## Work to be completed
Please copy all of the entries exactly, but drop every picture.

--- Exercise material ---

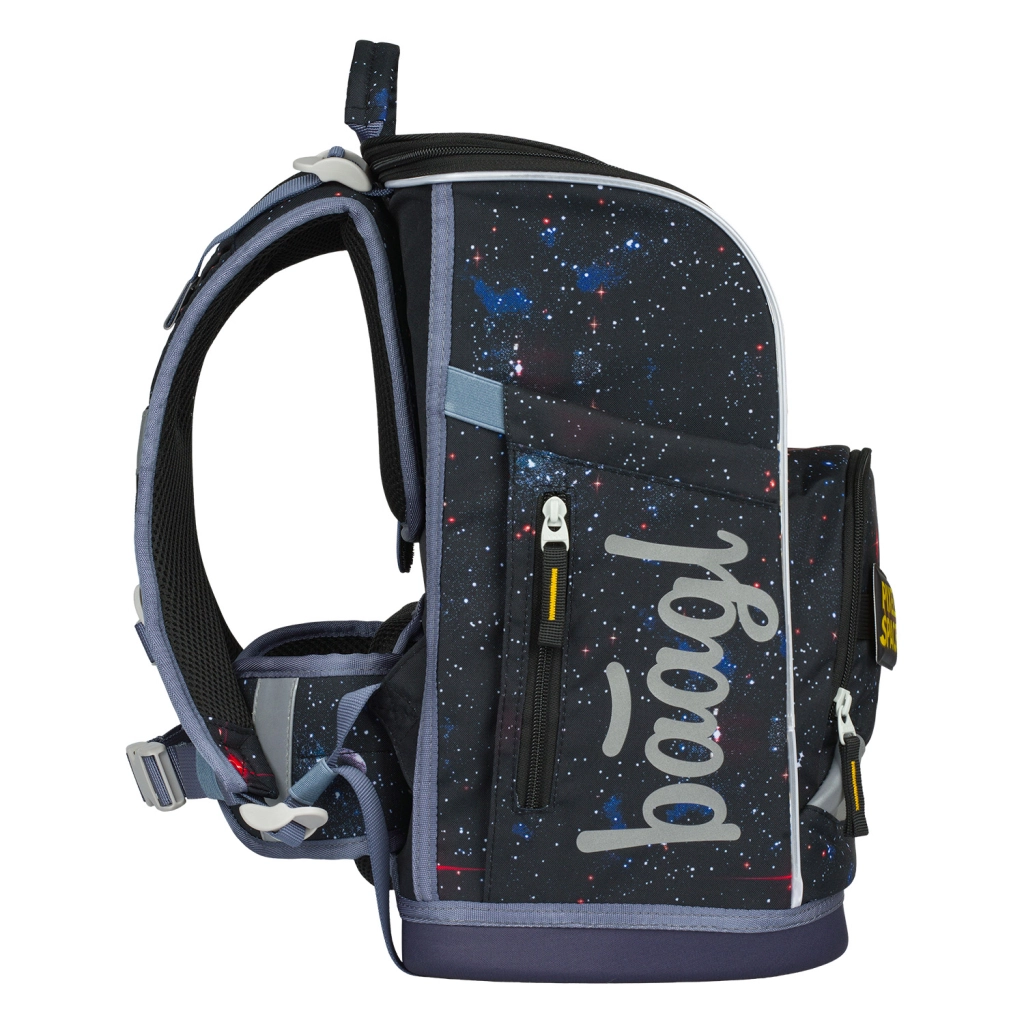 Šis skolas komplekts no zīmola BAAGL ar Pixel Space dizainu ietver ergonomisku aktovku Zippy Plus, vienstāva penāli un praktisku maisiņu ar kabatu. Tas ir ideāli piemērots bērniem no 1. klases, pateicoties vieglumam un regulējamībai katrā elementā.
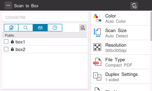 If [Search Box No.] is selected in step 1, enter the User Box No. you want to search for.
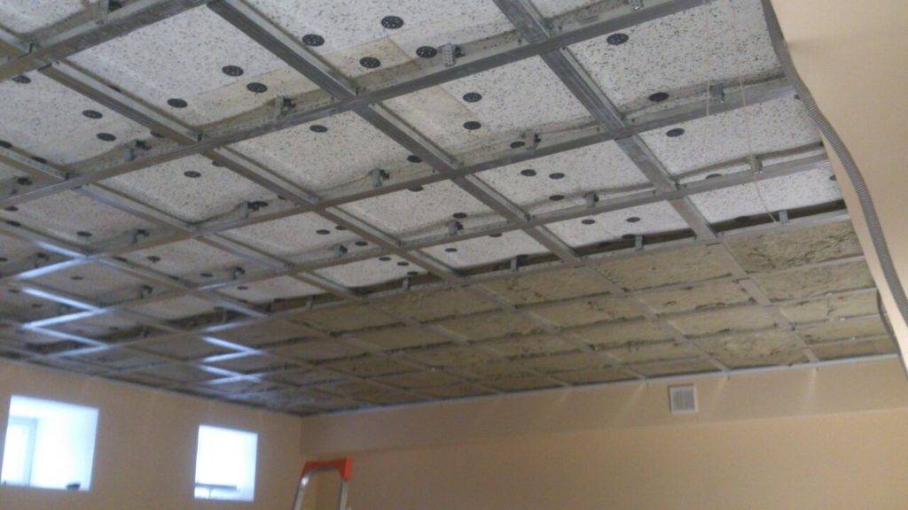 - Шумоизоляционные подвесные панели укладываются на металокаркас.
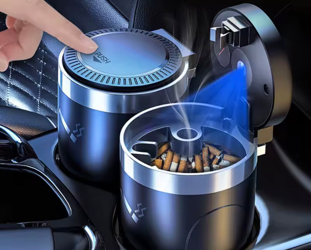 Scrumiera are o lumina led care se porneste automat atunci cand capacul este deschis
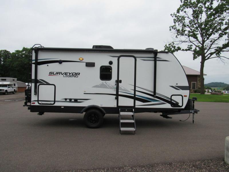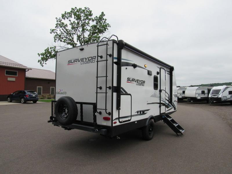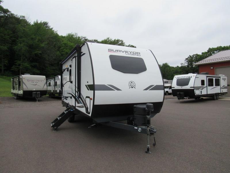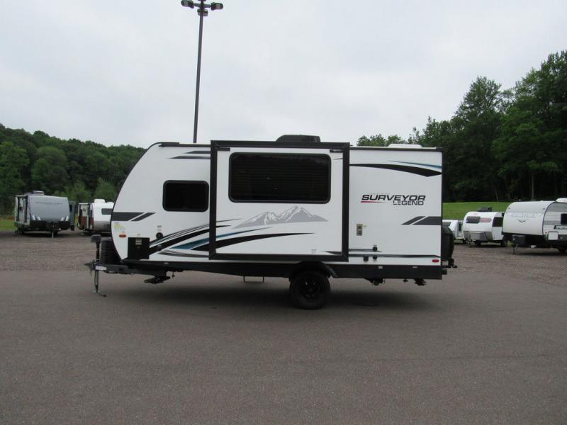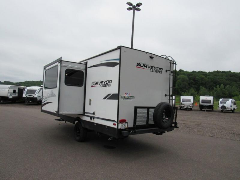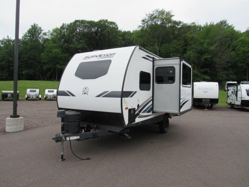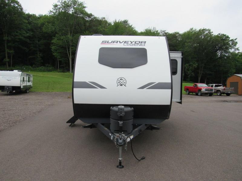 With any Surveyor Legend travel trailer by Forest River you will enjoy quality craftsmanship, convenient amenities, and at-home comforts. The Azdel composite panels provide a longer-lasting trailer, and the power tongue jack will get you back on the road in no-time. Each model includes the Surveyor Legend Package that comes standard with pleated night shades, an automotive style tinted front windshield, a multi-zone Bluetooth stereo, and more. You'll enjoy the one-touch electric awning with LED lights outdoors, plus rooftop solar prep and rear camera prep to make parking easier than ever. The inside will have you feeling right at home with Surf(x) seamless countertops, Congoleum designer carefree linoleum, residential faucets in the bath and kitchen, plus many more essentials you won't want to camp without.
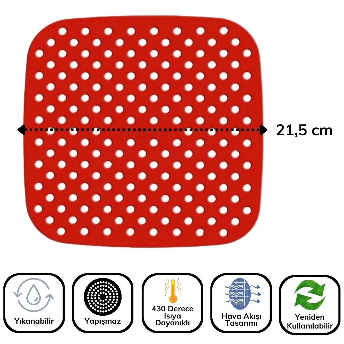 Slikon pişirme matı 21,5 cm uzunluğunda ve kare yapıdadır. Kırmızı ve siyah olmak üzere 2 farklı rengi bulunur. Delikli yapısı sayesinde yemeğiniz pişerken aşırı kokuyu önler.
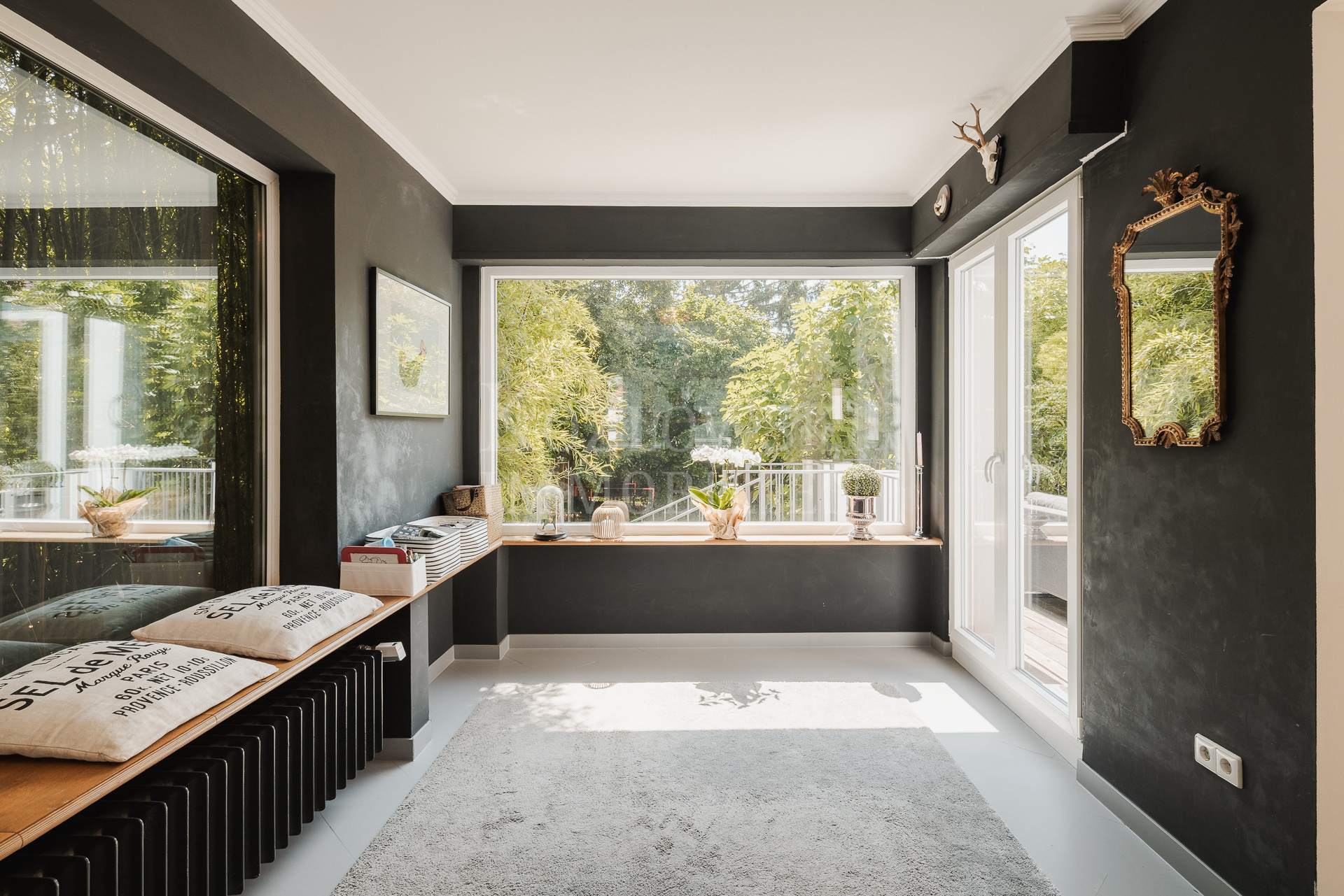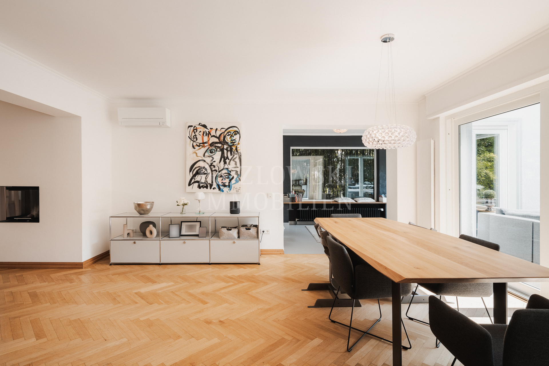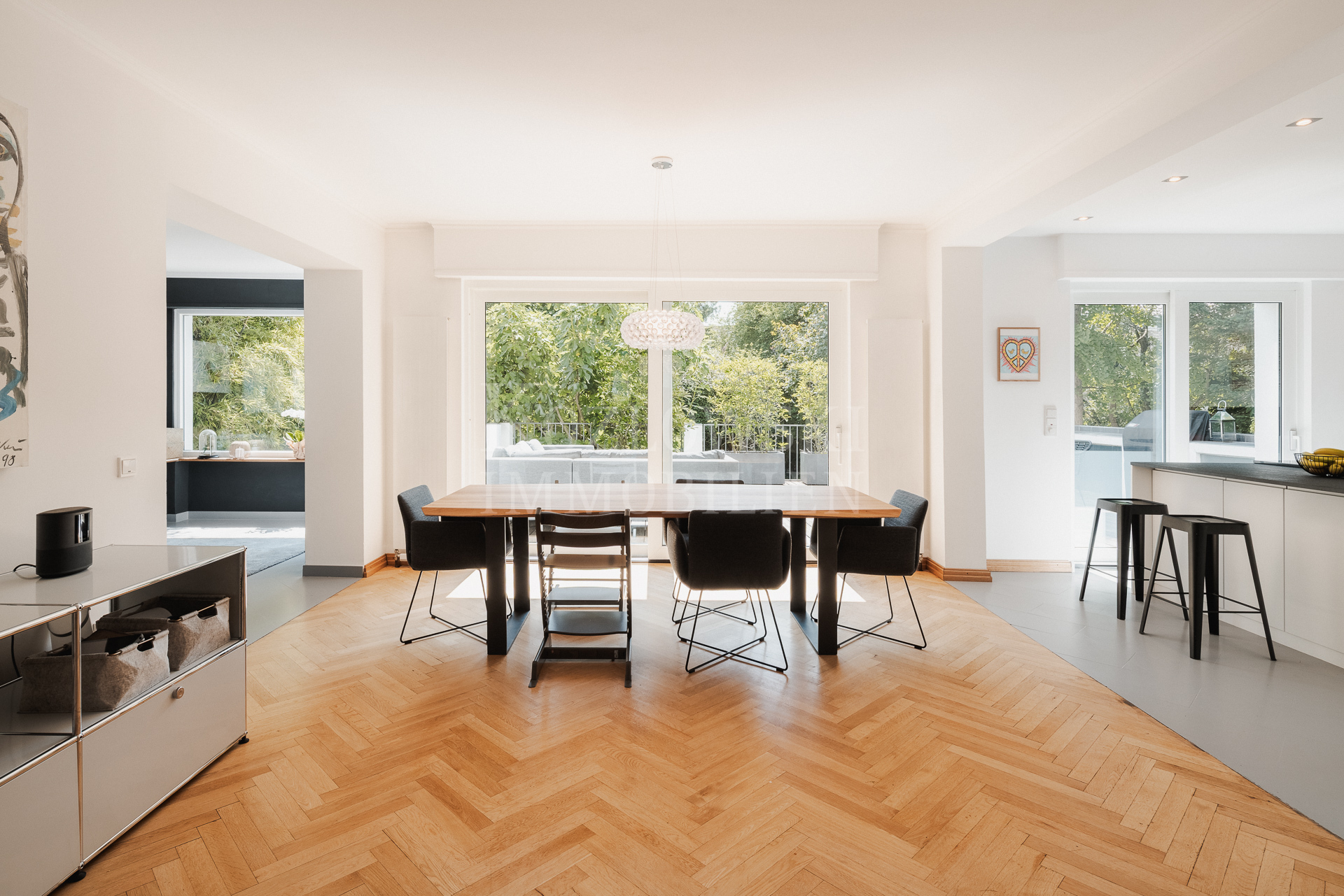 • Weitläufiger Wohnbereich im Erdgeschoss mit Sonnenterrasse inkl. Außenküche und Blick in den Garten

---

## Result for this task
 Šis skolas komplekts no zīmola BAAGL ar Pixel Space dizainu ietver ergonomisku aktovku Zippy Plus, vienstāva penāli un praktisku maisiņu ar kabatu. Tas ir ideāli piemērots bērniem no 1. klases, pateicoties vieglumam un regulējamībai katrā elementā.
 If [Search Box No.] is selected in step 1, enter the User Box No. you want to search for.
 - Шумоизоляционные подвесные панели укладываются на металокаркас.
 Scrumiera are o lumina led care se porneste automat atunci cand capacul este deschis
 With any Surveyor Legend travel trailer by Forest River you will enjoy quality craftsmanship, convenient amenities, and at-home comforts. The Azdel composite panels provide a longer-lasting trailer, and the power tongue jack will get you back on the road in no-time. Each model includes the Surveyor Legend Package that comes standard with pleated night shades, an automotive style tinted front windshield, a multi-zone Bluetooth stereo, and more. You'll enjoy the one-touch electric awning with LED lights outdoors, plus rooftop solar prep and rear camera prep to make parking easier than ever. The inside will have you feeling right at home with Surf(x) seamless countertops, Congoleum designer carefree linoleum, residential faucets in the bath and kitchen, plus many more essentials you won't want to camp without.
 Slikon pişirme matı 21,5 cm uzunluğunda ve kare yapıdadır. Kırmızı ve siyah olmak üzere 2 farklı rengi bulunur. Delikli yapısı sayesinde yemeğiniz pişerken aşırı kokuyu önler.
 • Weitläufiger Wohnbereich im Erdgeschoss mit Sonnenterrasse inkl. Außenküche und Blick in den Garten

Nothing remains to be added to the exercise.